Working Around Low Disk Space During A Full Crawl

TIL that space is released when you pause a crawl!

Backstory:

We decided to re-index our SharePoint site due to spotty search results, and learned the hard way that we didn’t have enough space to run a full crawl.

Adding space wasn’t an option and I had to get the search working again or else face the wrath of the users who rely on it. I decided I’d run the full crawl and pause it before free space got too low. That way some things would be searchable at least.

To my surprise, a ton of drive space freed up when I paused the crawl, and items that had already been crawled were still searchable! Using that to my advantage, I spent the rest of the day pausing and resuming the full crawl until it was finished. Tedious, but worth it.

Summary:

If you don’t have enough disk space to run a full crawl straight through, monitor the drive while the crawl is running and pause it when you need to free up space.
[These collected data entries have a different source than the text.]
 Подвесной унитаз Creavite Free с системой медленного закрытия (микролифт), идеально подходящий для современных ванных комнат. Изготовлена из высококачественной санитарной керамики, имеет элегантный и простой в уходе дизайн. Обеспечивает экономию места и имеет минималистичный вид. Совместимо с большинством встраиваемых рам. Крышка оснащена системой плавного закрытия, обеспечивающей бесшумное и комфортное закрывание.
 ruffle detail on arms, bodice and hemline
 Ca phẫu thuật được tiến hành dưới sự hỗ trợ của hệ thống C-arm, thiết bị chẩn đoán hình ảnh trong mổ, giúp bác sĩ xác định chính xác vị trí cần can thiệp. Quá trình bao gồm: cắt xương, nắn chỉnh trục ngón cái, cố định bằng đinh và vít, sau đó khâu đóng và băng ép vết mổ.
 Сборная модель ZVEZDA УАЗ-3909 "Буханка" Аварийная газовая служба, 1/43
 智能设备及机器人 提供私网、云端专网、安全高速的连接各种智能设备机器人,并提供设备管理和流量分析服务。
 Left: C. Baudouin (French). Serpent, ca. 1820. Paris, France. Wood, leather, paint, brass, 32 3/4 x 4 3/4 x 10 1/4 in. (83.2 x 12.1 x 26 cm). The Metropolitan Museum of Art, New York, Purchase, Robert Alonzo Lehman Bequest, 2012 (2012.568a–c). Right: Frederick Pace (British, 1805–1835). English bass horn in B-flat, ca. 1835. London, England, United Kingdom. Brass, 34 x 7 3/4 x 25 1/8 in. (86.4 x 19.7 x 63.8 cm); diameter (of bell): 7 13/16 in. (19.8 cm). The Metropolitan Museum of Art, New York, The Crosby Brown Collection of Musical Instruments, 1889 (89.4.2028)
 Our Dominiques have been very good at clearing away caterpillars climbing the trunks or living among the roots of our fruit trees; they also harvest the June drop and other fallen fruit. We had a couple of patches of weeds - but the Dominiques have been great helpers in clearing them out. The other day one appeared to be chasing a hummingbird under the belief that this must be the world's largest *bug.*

Once the crawl’s status changes from “Pausing” to “Paused”, confirm that space is available again and resume crawling. Repeat as necessary.

Thoughts:

Releasing space seems like basic functionality. Does the crawler really not have the ability to determine free space on the drive where temp files are stored? Why doesn’t it pause itself when the “low disk space” event is triggered? Why are temp files stored on the system drive by default if there isn’t a mechanism that prevents the drive from bottoming out, corrupting the index? Am I missing something?

That being said, I’m not convinced of the health of our search service application.